BEGIN The data

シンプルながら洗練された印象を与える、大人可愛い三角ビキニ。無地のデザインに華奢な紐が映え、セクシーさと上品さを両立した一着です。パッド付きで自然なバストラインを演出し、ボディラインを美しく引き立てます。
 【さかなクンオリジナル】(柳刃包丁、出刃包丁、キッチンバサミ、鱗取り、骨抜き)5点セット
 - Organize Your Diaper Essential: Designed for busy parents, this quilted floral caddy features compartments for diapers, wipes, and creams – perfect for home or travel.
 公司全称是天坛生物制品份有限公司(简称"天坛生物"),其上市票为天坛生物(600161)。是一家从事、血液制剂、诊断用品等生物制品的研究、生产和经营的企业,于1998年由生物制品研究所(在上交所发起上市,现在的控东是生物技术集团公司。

END The data
BEGIN The data

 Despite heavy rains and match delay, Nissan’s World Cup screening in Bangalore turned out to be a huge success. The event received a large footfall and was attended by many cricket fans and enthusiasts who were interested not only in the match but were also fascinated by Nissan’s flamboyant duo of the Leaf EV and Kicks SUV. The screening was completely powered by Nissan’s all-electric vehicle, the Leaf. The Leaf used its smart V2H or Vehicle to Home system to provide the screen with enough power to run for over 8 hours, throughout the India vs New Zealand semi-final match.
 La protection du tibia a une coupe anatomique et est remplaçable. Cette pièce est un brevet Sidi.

END The data

> [Exercise objective]: Taking the material above, extract exactly and only the lines from the line with "- Organize Your" to the line with "公司全称是天坛生物制品份有限", inclusive of both.

> [Output below]:
 - Organize Your Diaper Essential: Designed for busy parents, this quilted floral caddy features compartments for diapers, wipes, and creams – perfect for home or travel.
 公司全称是天坛生物制品份有限公司(简称"天坛生物"),其上市票为天坛生物(600161)。是一家从事、血液制剂、诊断用品等生物制品的研究、生产和经营的企业,于1998年由生物制品研究所(在上交所发起上市,现在的控东是生物技术集团公司。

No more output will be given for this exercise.